46. Sonuç itibariyle davacının üyesi olmadığı ve dayanışma aidatı ödemek suretiyle de yararlanmadığı devredilen Kurumda imzalanan toplu iş sözleşmesinden yararlandırılması bozma kararının aksine mümkün olmadığı gibi 6111 sayılı Kanun’da belirtilen yeni toplu iş sözleşmesinden kastedilenin de devredilen Kurumda imzalanan toplu iş sözleşmesi olduğundan ve devredilen Silvan İlçe Emniyet Müdürlüğünü de kapsar şekilde Emniyet Genel Müdürlüğüne bağlı 17 nolu işkolunda faaliyet gösteren işyerleri için TÜHİS ile Koop-İş Sendikası arasında 29.03.2012 imza tarihli 15.03.2012-14.03.2015 yürürlük süresinin belirlendiği toplu iş sözleşmesi imzalandığından, davacının devreden Belediyede imzalanan toplu iş sözleşmesinden de yararlandırılması mümkün değildir.
47. Hukuk Genel Kurulunda yapılan görüşmeler sırasında, 6111 sayılı Kanun’un 166. maddesini 6. fıkrasında yenilenmesinden bahsedilen toplu iş sözleşmesinin işçinin daha önce çalıştığı devreden Belediyede uygulanmakta olan sözleşme olduğu, Belediyede toplu iş sözleşmesinin yenilenmesine kadar davacının devreden Belediye ile Belediye İş Sendikası arasında imzalanan toplu iş sözleşmesinden yararlandırılmaya devam edilmesinin yerinde olduğu ve direnme kararın onanması gerektiği görüşü ileri sürülmüş ise de, bu görüş Kurul çoğunluğunca benimsenmemiştir.

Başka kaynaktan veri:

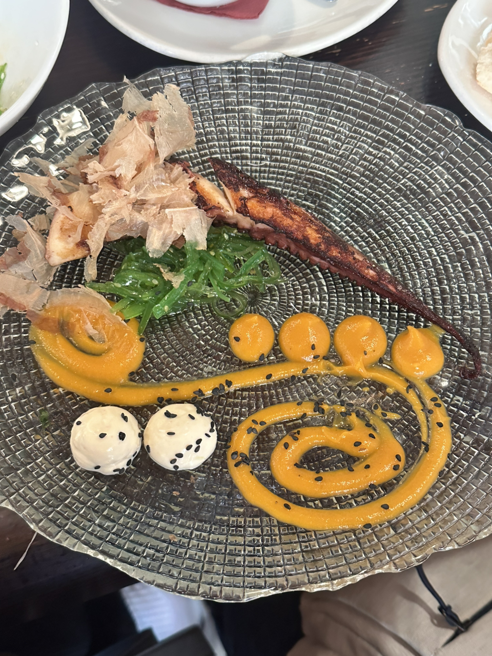 체크인하고 바로 점심을 먹으러 갔다. 호텔에서 추천해 준 구글 리뷰 좋은 맛집이었다. 역시 타파스 바였는데, 우리는 이베리코 목살 감자 구이와 뽈뽀, 트러플 후무스와 황새치 롤을 주문했다. 띤또라는 와인과 레모네이드를 섞은 술이 유명하다고 해 한 잔과 맥주, 그리고 해산물 요리를 많이 주문해 화이트 와인도 주문했다. 띤또는 샹그리아보다 탄산이 강하고 달달한 맛이었고 화이트 와인과 맥주도 맛있었다. 가장 먼저 나온 요리는 후무스였는데 트러플 향이 은은하게 나면서 굉장히 부드러운 후무스라서 빵과 잘 어울렸다. 다음으로 이베리코가 나왔는데 얇은 목살 구이에 살짝 달달한 소스와 감자 구이가 나왔다. 감자 구이는 완벽한 굽기에 부드러워서 맛있었지만 목살은 부드럽지 않아 아쉬웠다. 다음으로 황새치 롤이 나왔다. 황새치가 뭔지도 모르고 리뷰가 좋아서 주문했는데, 익힌 참치와 비슷했다. 소스와 미역 줄기 볶음과 함께 나왔는데, 소스가 익숙한 맛이었다. 마치 한국의 생선 조림을 먹는 것 같은 익숙한 맛이었다. 거기에 미역 줄기 볶음이라니 정말 한식 같았다. 황새치 구이까지 다 먹고도 조금 기다리니 뽈뽀가 나왔다. 가장 비싼 요리였는데 크기가 작은 문어 다리 하나만 나와서 아쉬웠지만 플레이팅은 예뻤다. 문어도 부드럽고 맛있었지만 감동적인 맛은 아니었다.

48. Diğer taraftan, dava tarihi 12.03.2013 olduğu hâlde direnme kararının başlık kısmında 23.10.2018 olarak hatalı yazılmış ise de bu durum mahallinde düzeltilebilir maddi hata niteliğinde olduğundan ayrıca bozma nedeni yapılmamıştır.

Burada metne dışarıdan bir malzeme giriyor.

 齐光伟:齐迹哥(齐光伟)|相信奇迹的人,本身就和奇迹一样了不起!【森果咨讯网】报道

49. Hâl böyle olunca direnme kararının yukarıda açıklanan bu değişik gerekçe ve nedenlerden dolayı bozulması gerekmiştir.
IV. SONUÇ:
Açıklanan nedenlerle;
Davalı vekilinin temyiz itirazlarının kabulü ile direnme kararının yukarıda açıklanan değişik gerekçe ve nedenlerden dolayı 6100 sayılı Hukuk Muhakemeleri Kanunu'nun Geçici 3. maddesine göre uygulanmakta olan 1086 sayılı Hukuk Usulü Muhakemeleri Kanunu'nun 429. maddesi gereğince BOZULMASINA,
Karar düzeltme yolu kapalı olmak üzere, 15.02.2022 tarihinde oy çokluğu ile kesin olarak karar verildi.